● Exercise prompt
Please repeat, exactly and without pictures, the lines of the entries below that run from the one containing "The kitchen/diner offers" through the one containing "株式会社TERRA NOVA".

● Data listing
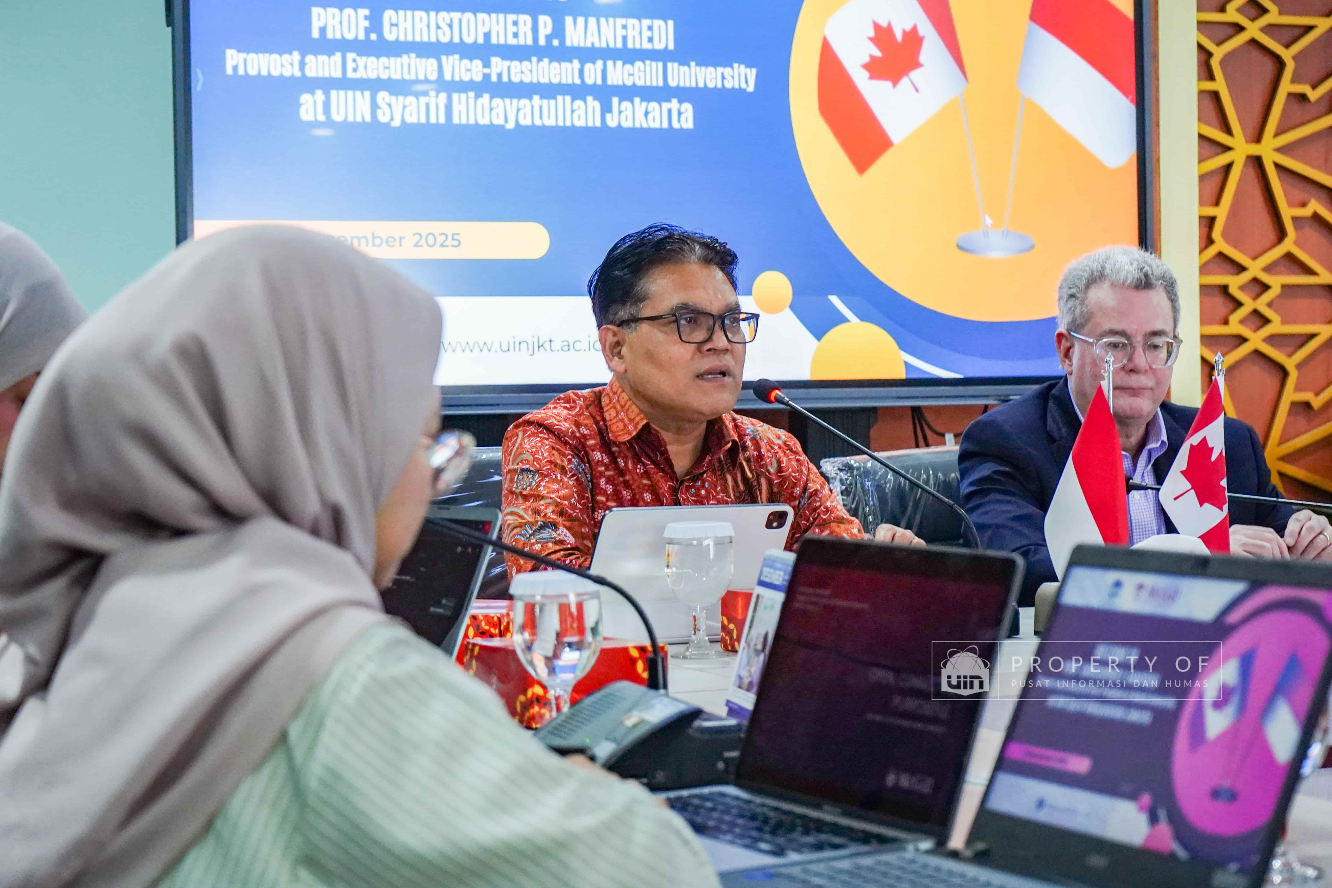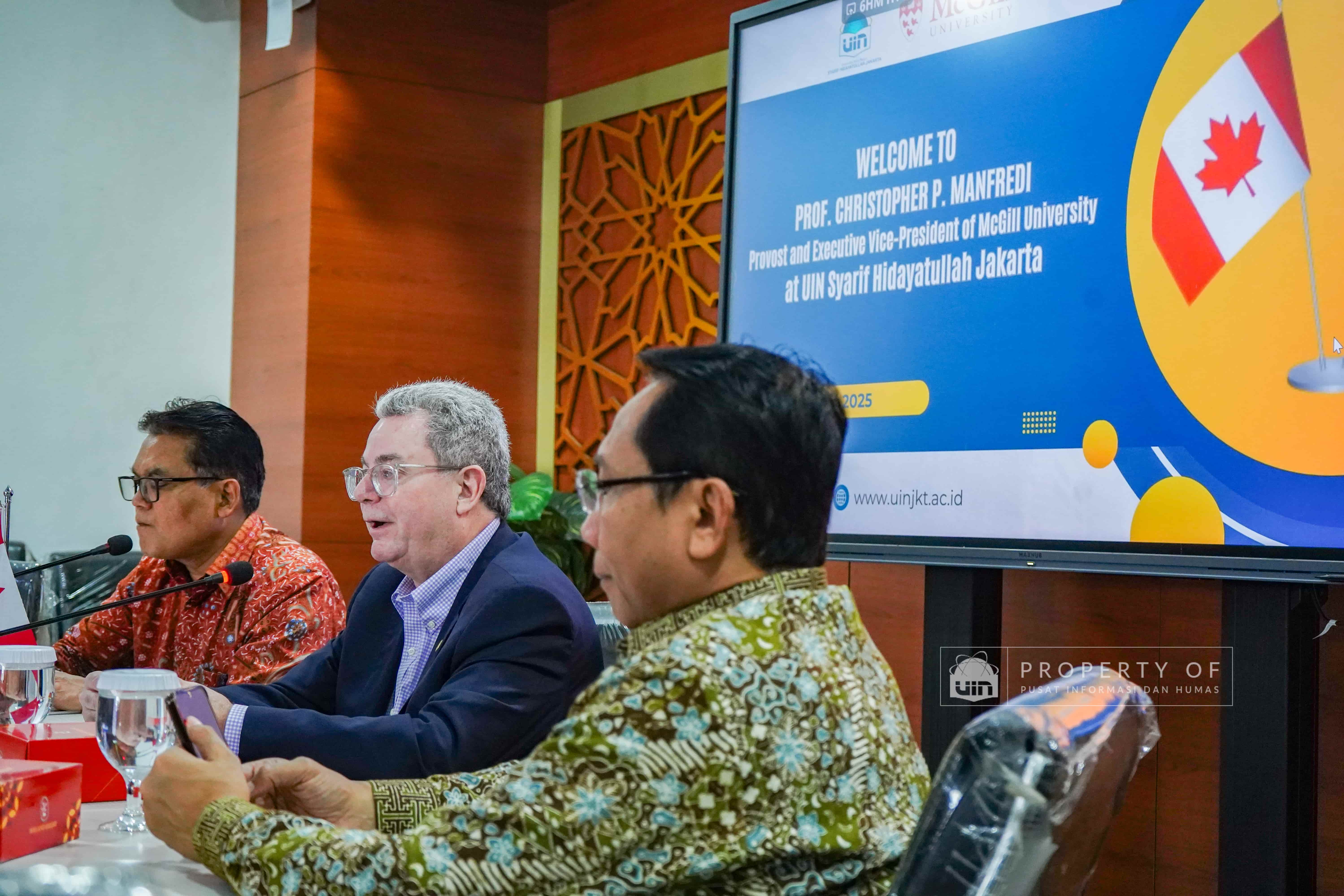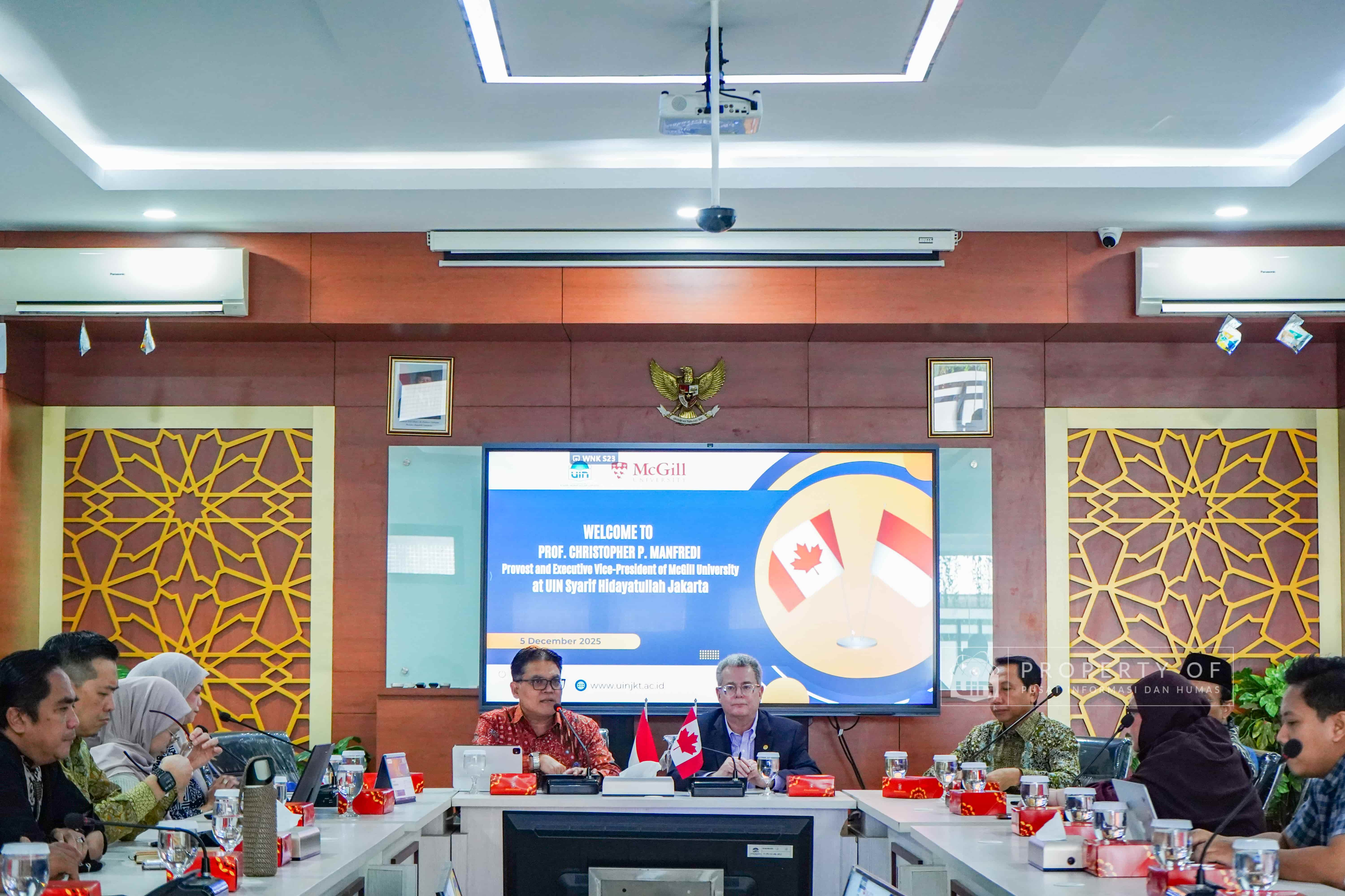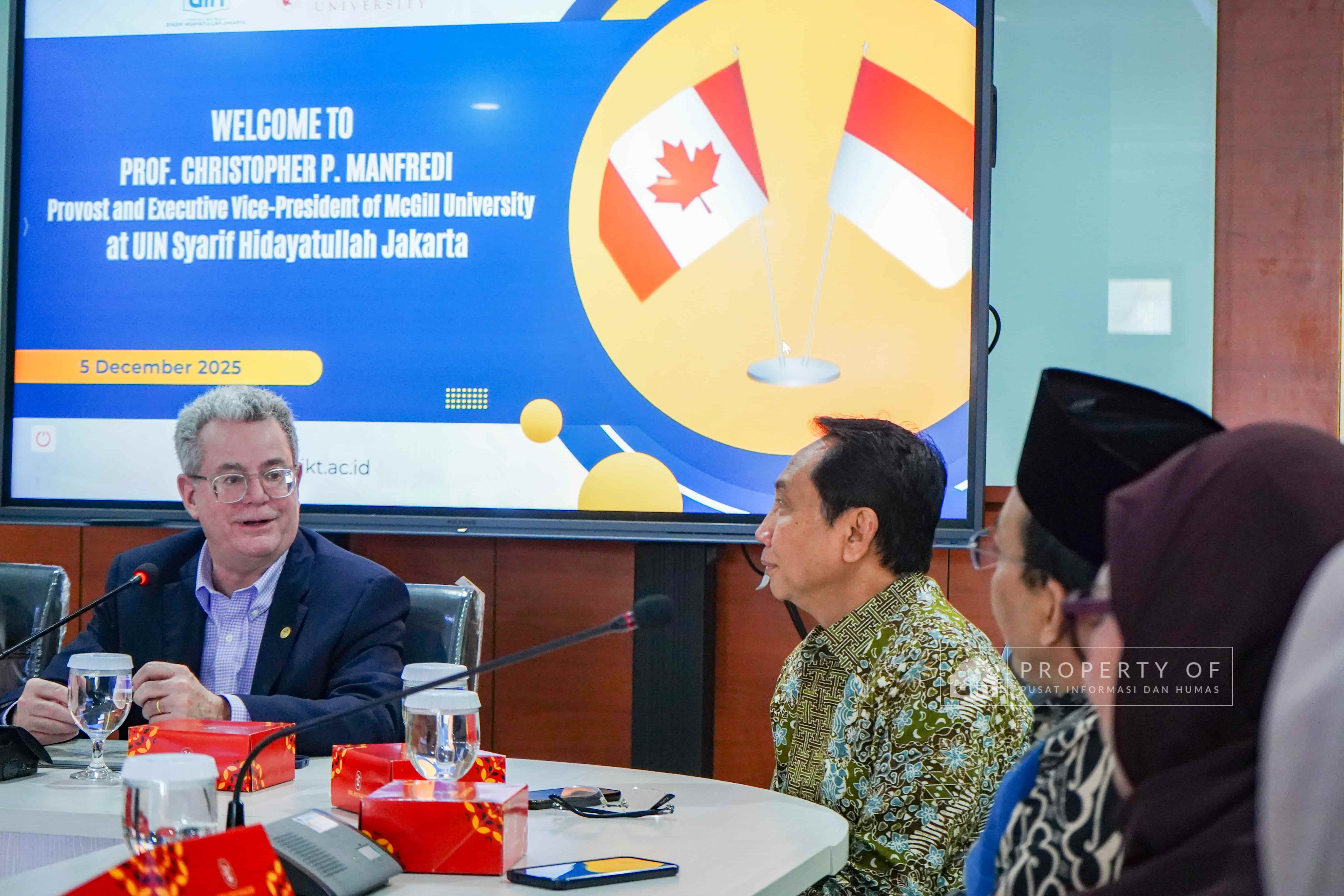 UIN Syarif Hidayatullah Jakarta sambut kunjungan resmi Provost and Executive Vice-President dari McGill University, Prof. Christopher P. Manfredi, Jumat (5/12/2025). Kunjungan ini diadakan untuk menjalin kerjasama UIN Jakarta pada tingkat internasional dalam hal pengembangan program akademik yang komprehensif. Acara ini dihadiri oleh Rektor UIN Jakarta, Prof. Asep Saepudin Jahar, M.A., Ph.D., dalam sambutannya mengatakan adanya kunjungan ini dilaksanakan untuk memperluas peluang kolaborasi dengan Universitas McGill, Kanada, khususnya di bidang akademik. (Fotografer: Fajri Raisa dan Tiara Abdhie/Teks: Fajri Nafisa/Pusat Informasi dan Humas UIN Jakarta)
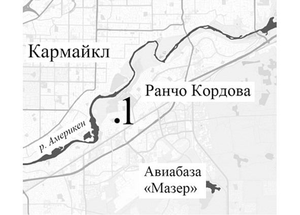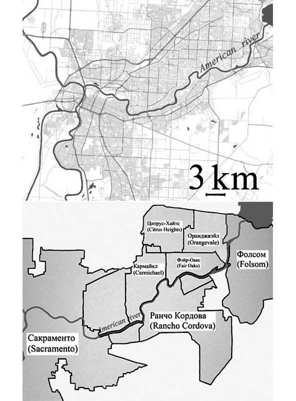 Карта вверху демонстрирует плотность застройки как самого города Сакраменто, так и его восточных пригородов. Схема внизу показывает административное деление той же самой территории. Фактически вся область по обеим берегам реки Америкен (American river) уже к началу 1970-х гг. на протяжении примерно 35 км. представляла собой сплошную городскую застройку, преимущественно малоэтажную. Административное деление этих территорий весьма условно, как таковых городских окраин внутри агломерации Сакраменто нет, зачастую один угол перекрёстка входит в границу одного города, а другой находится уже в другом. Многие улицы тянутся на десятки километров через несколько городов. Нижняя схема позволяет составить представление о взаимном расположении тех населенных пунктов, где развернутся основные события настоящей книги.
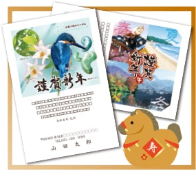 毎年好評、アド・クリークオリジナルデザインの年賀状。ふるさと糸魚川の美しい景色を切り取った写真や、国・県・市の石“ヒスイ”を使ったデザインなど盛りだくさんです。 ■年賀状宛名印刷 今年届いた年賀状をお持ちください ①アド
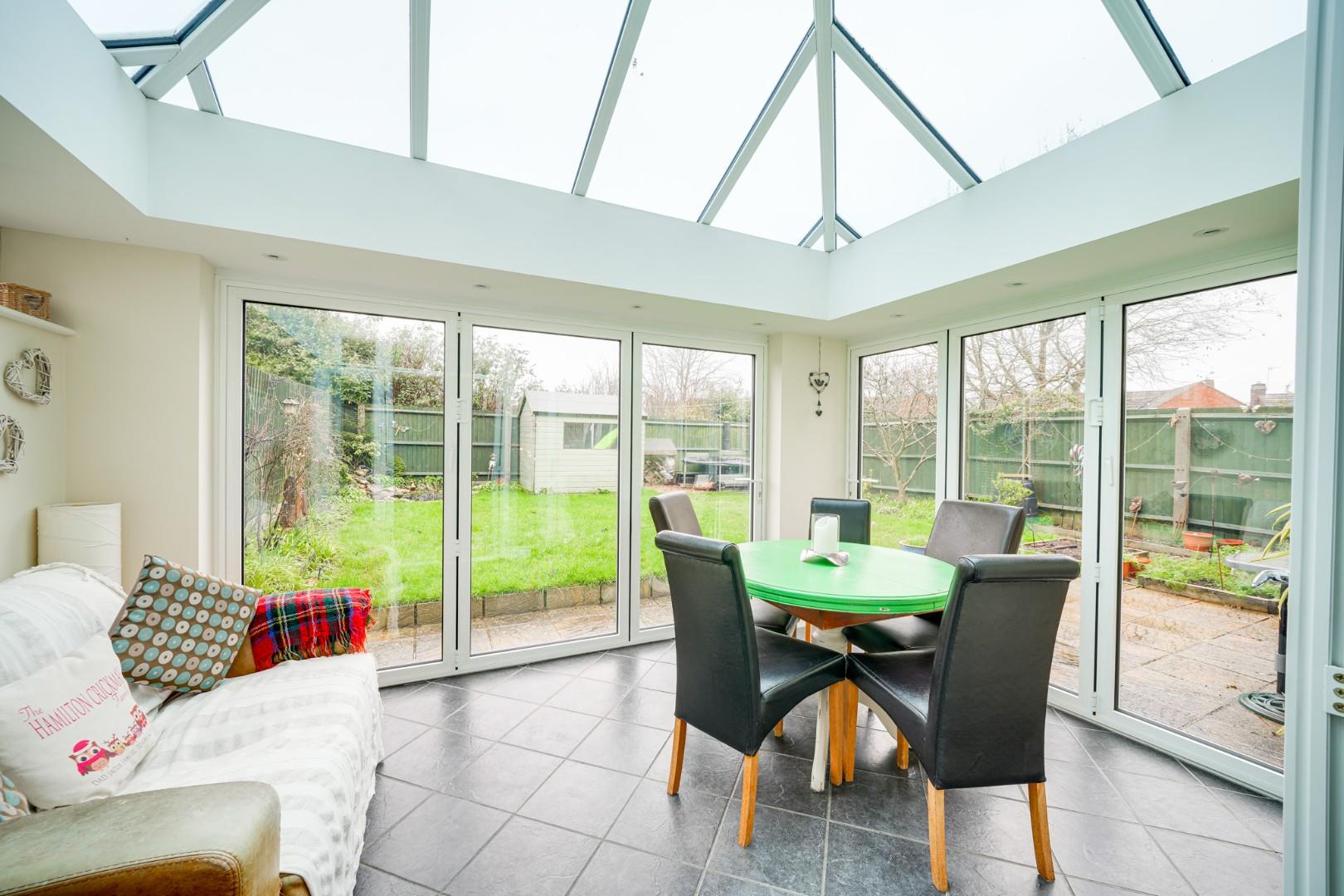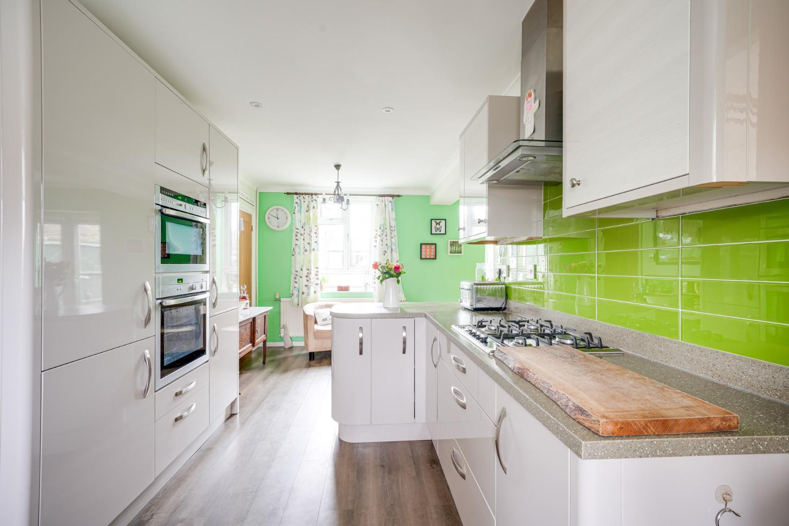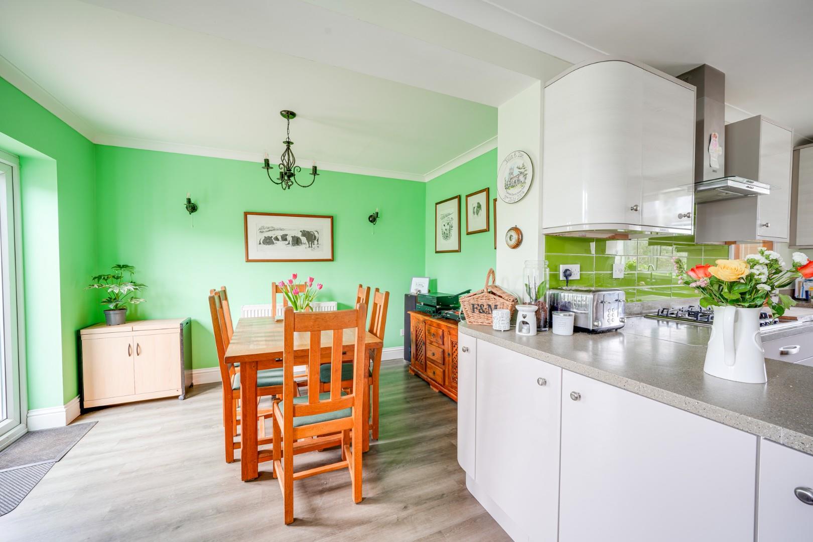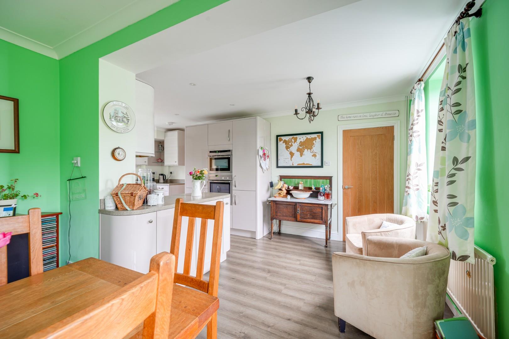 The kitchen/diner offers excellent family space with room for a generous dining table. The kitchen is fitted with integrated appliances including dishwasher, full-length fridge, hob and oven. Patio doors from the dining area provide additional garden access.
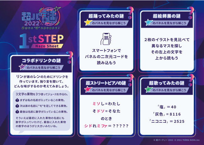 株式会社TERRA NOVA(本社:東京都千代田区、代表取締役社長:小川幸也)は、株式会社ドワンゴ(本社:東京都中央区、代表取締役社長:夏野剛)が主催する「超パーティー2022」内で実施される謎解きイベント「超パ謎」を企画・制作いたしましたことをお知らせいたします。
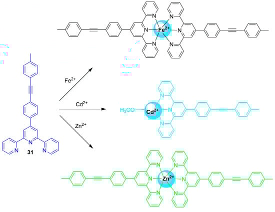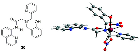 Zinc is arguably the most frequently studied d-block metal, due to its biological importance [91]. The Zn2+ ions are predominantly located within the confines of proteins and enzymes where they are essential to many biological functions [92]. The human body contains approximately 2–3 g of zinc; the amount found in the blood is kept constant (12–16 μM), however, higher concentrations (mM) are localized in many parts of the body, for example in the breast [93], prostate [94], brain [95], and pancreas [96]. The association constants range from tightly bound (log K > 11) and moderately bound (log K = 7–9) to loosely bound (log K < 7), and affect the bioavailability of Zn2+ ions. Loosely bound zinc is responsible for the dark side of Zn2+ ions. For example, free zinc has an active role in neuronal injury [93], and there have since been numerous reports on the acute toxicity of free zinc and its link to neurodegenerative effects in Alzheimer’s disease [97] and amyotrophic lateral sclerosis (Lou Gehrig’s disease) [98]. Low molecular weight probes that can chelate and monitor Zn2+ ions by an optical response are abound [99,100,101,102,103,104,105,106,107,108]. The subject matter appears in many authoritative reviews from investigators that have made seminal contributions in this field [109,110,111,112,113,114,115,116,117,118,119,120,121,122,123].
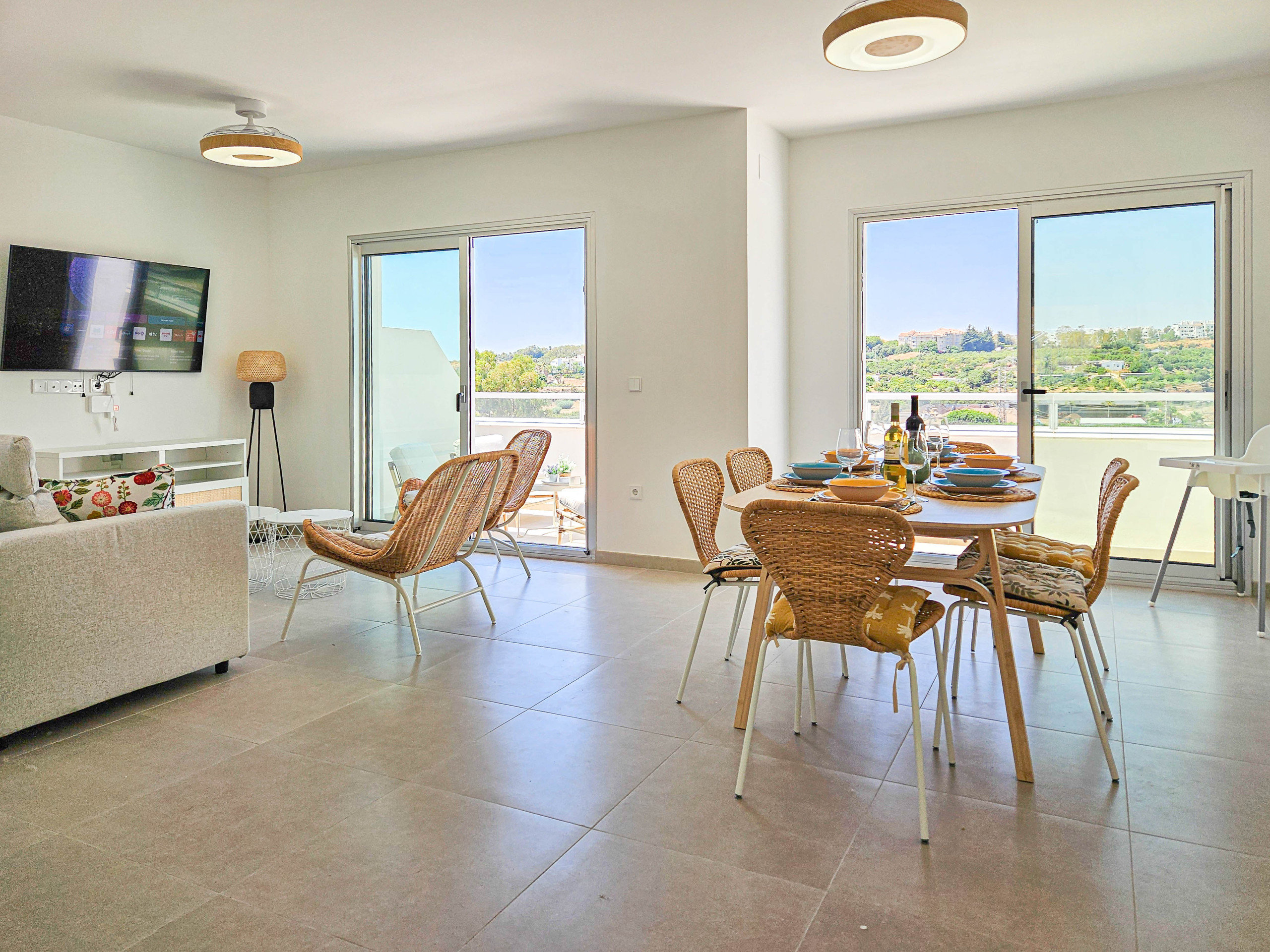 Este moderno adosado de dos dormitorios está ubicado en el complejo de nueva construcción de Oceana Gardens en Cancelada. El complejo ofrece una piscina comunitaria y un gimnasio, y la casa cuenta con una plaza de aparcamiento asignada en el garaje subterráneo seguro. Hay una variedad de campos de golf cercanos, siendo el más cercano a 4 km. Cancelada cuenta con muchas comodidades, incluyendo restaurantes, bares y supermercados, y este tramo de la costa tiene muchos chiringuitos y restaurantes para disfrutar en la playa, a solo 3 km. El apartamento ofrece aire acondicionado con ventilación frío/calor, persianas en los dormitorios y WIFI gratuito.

● Response below
 The kitchen/diner offers excellent family space with room for a generous dining table. The kitchen is fitted with integrated appliances including dishwasher, full-length fridge, hob and oven. Patio doors from the dining area provide additional garden access.
 株式会社TERRA NOVA(本社:東京都千代田区、代表取締役社長:小川幸也)は、株式会社ドワンゴ(本社:東京都中央区、代表取締役社長:夏野剛)が主催する「超パーティー2022」内で実施される謎解きイベント「超パ謎」を企画・制作いたしましたことをお知らせいたします。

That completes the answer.